In [1]:
import math
import numpy as np
import matplotlib.pyplot as plt
from scipy.stats import norm
from scipy import special

# Session 1

# Maximum likelihood estimation

Let observed data points $\mathbf{x} = (x_1,\ldots,x_N)$ have the joint density function $p(x_1,\ldots,x_N ; \theta)$. The likelihood function is defined as a function of the model parameters, $\theta$, equivalent to the density of the observed data:

$$
 L(\theta; x_1,\ldots,x_N) = p(x_1,\ldots,x_N | \theta) 
$$

The likelihood describes the support by the data for each possible configuration of the parameters. 
If we compare the likelihood function for two different sets of parameters, $\theta_1$ and $\theta_2$, and find that $L(\theta_1;\mathbf{x}) > L(\theta_2;\mathbf{x})$, we can conclude that the observed data is more likely according to the model with parameters $\theta_1$ than the model with parameters $\theta_2$. 

'Maximum likelihood estimation' utilizes this principle as a method for estimating appropriate model parameters based on the observations alone.
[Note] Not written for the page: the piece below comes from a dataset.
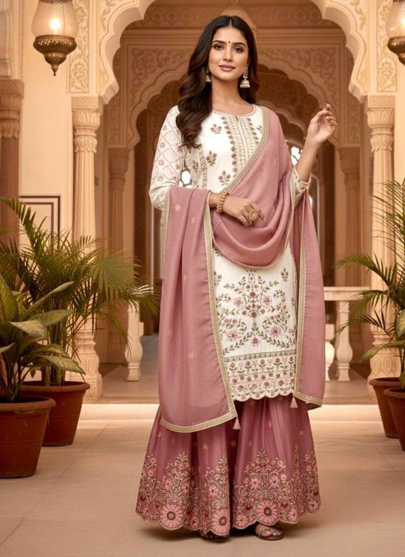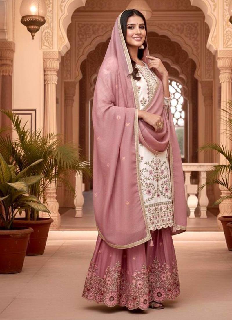 | Product Description | This White&Pink Floral Sharara Set Features Delicate Embroidery On The Kurta And A Beautifully Flared Skirt With Intricate Border Detailing. The Soft Dupatta Enhances Its Graceful Look. Ideal For Engagement Parties, Festive Celebrations, And Wedding Functions Requiring Refined Elegance. |

In a generative setting, we are concerned with estimating the set of parameters $\hat{\theta}$ that describes the model which can be assumed to have generated the observations $\mathbf{x}$. These parameter estimates are obtained by maximizing the likelihood function with regard to $\theta$: 

$$
\hat{\theta} = \arg\max_\theta p(\mathbf{x}|\theta)
$$

Often it is both mathematically and computationally convenient to maximize the natural logarithm of the likelihood function (called the log-likelihood) instead. Solving this maximization problem is similar to the original one because the logarithm is a monotonic (strictly increasing) function. Many machine learning and optimization algorithms prefer to minimize functions (such as working with cost-functions) in which case the problem can be solved by minimize the negative log-likelihood instead.


### Questions
In this exercise we illustrate the method of maximum likelihod as an estimator for the parameters (mean and variance) of the normal distribution. 
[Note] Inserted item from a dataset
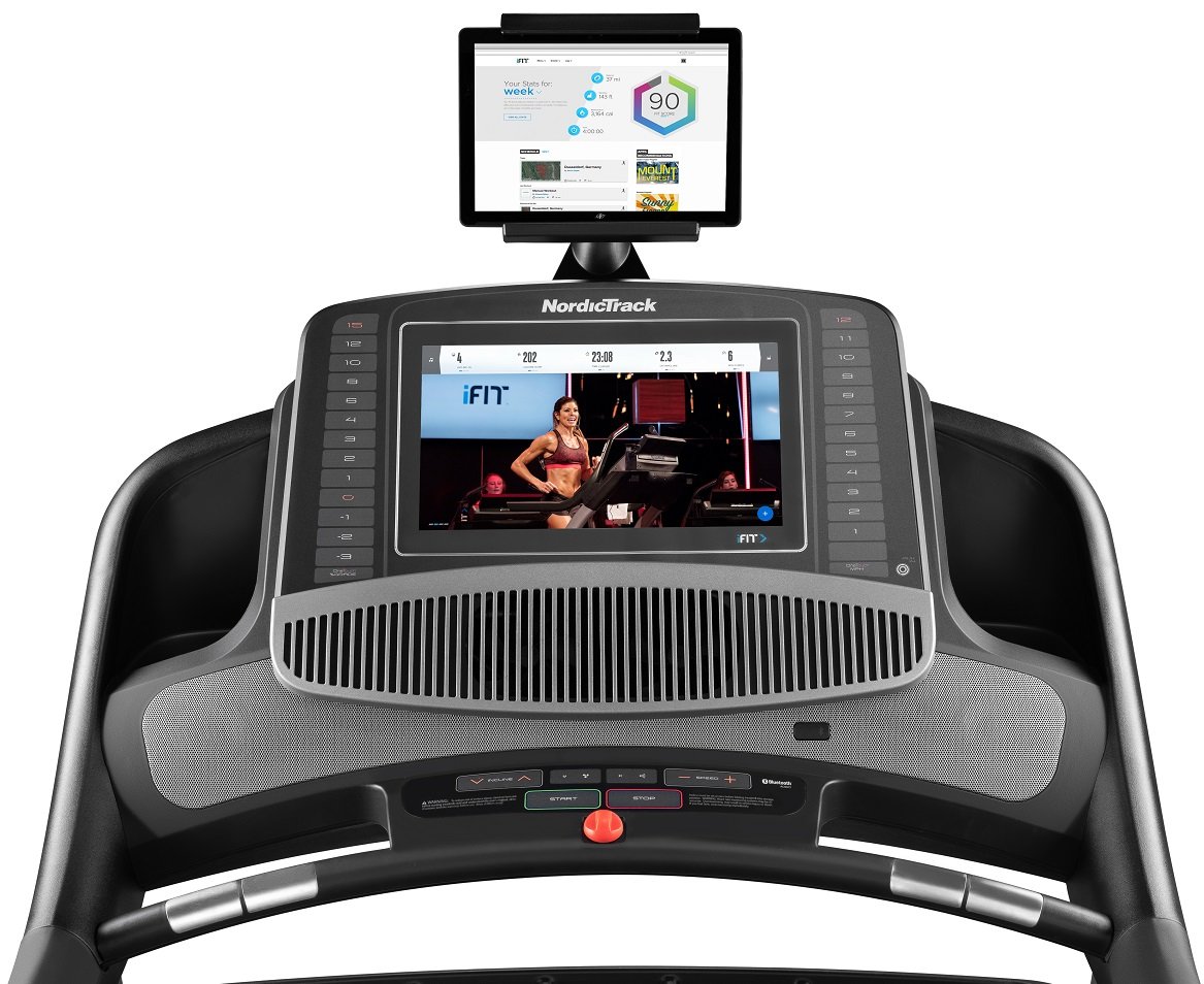 Svůj trénink na běžeckém trenažéru NordicTrack Commercial 2450 budete mít pod kontrolou prostřednictvím tréninkového počítače s přehledným 14" grafickým dotykovým displejem. Na displeji vidíte zobrazované hodnoty jako čas, vzdálenost, rychlost běhu, sklon pásu, spotřeba kalorií, měření tepové frekvence apod. Z programové nabídky máte k dispozici celkem 50 programů. Vybírat můžete z programů zaměřených na spálené kalorie, tepovou frekvenci, sklon nebo rychlost. Tréninková aplikace iFit je zabudovaná přímo v konzoli počítače (tablet tedy nebudete potřebovat). Součástí dodávky stroje je i roční FAMILY licence (až pro 5 osob) na 1 rok zcela ZDARMA! Aplikace vám umožní rozšířit vaše tréninkové plány přes systém Google MAPS. Tablet není součástí dodávky.

Recall that the normal probability density function with mean $\mu$ and variance $\sigma^2$ of a given sample $x_i$ is:

$$
p(x_i;\mu,\sigma^2) = (2\pi\sigma^2)^{-1/2} \exp\left( - \frac{1}{2} \frac{(x-\mu)^2}{\sigma^2} \right)
$$

$\star$ Assuming that all observations $\mathbf{x} = (x_1,\ldots x_N)$ are independent and identically distributed, derive the likelihood function,

$$
L(\mu,\sigma^2;x_1,\ldots x_N) = \left(2\pi\sigma^2\right)^{-N/2} \exp\left( - \frac{1}{2\sigma^2}\sum_{i=1}^N (x_i - \mu)^2 \right)
$$

$\star$ Generate a data set of $N=5$ random points for the normal distribution with true parameters $\mu_0= 1$ and $\sigma_{0}^2 = 0.5$. Assume that you know that the variance is $\sigma^2 = \sigma_{0}^2 = 0.5$. 
- Plot the likelihood for different values of $\mu$ in the range $\mu = [-1, 10]$. Comment on the figure. Repeat the experiment for $N = 30$.
- For $N$ in the range $N = [2,30]$, compute the $\textit{estimates}$ for mean and variance (sample mean and sample variance). Plot these as function of $N$ and compare with the true parameter values.
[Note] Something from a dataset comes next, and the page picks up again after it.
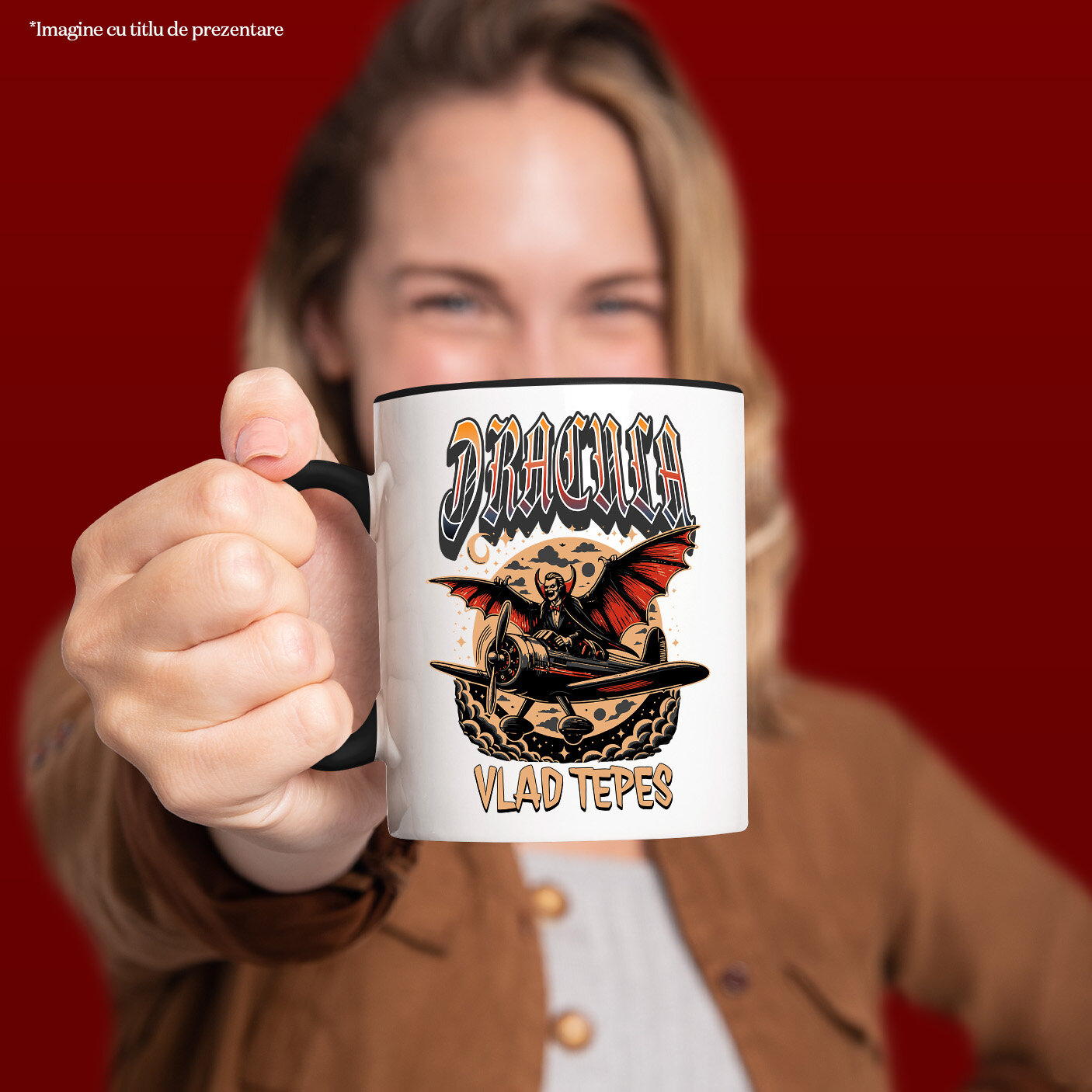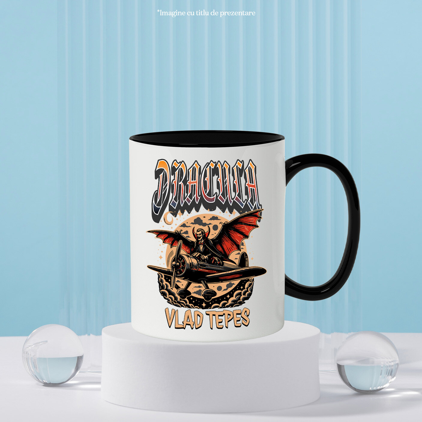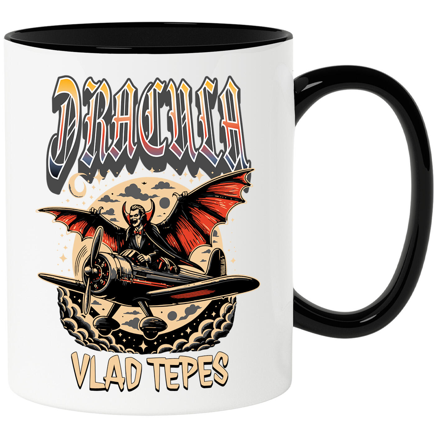 Cana Personalizata cu Vampir In Zbor Avion Luna Plina, Halowen, Text Vlad Tepes, Ceramica, 330ML, cu Maner Negru

$\star$ By taking the natural logarithm of the likelihood function, convince yourself that the log-likelihood is:

$$
\ln L(\mu,\sigma^2;x_1,\ldots x_N) = - \frac{N}{2}\ln\left(2\pi\right) - \frac{N}{2}\ln\left(\sigma^2\right) - \frac{1}{2\sigma^2}\sum_{i=1}^{N}\left(x_j - \mu\right)^2
$$

$\star$ Prove that the maximum likelihood estimators of the mean and variance equals the $\textit{sample mean}$ and $\textit{sample variance}$;

$$
\hat{\mu} = \frac{1}{N}\sum_{i = 1}^N\left(x_i \right) \quad,\quad
\hat{\sigma}^2 = \frac{1}{N} \sum_{i = 1}^N(x_i - \hat{\mu})^2.
$$

This can be done by solving the maximization problem

$$
\max_{\mu,\sigma^2} \ln L(\mu,\sigma^2;\mathbf{x}).
$$

The proof can be conducted by taking the partial derivatives of the log-likelihood with respect to the mean and variance, equate to zero and solve for $\mu$ and $\sigma^2$:

$$
\frac{\partial}{\partial\mu}\ln L(\mu,\sigma^2;\mathbf{x}) = 0  \qquad,\qquad
\frac{\partial}{\partial\sigma^2}\ln L(\mu,\sigma^2;\mathbf{x}) = 0
$$


### Hints
$\bullet$ Given the assumption that observations are independent and identically distributed, the likelihood function can be written as the product of the PDF evaluated for the individual samples:

$$
L(\theta;x_1,\ldots,x_N) = \prod_{i=1}^N p(x_i;\theta)
$$

$\bullet$ Recall the rules and properties for logarithms:

$$
\ln(a^b) = b\ln(a)\quad,\quad \ln(\exp(a)) = a \quad,\quad \ln(a\cdot b) = \ln(a)+\ln(b)
$$

$\bullet$ The solutions to the partial derivatives of the log-likelihood are:
$$
\frac{\partial}{\partial\mu}\ln L(\mu,\sigma^2;\mathbf{x}) = \frac{1}{\sigma^2}\sum_{i=1}^N\left(x_i-\mu \right)  
\quad,\quad
\frac{\partial}{\partial\sigma^2}\ln L(\mu,\sigma^2;\mathbf{x}) = \frac{1}{2\sigma^2}\left( \frac{1}{\sigma^2}\sum_{i=1}^N\left(x_i-\mu\right)^2-N\right)
$$
To solve the maximization problem, consider when these are equal to zero. You can ignore $\sigma^2 = 0$.

# Session 2

# Coordinate transformation

In practical machine-learning it is often desired that the input data has zero mean, unit variance and covariance. When normalizing data to uphold this, it is often possible to use the same algorithms (without changing the control parameters) on data originating from different signal-sources and with different covariation.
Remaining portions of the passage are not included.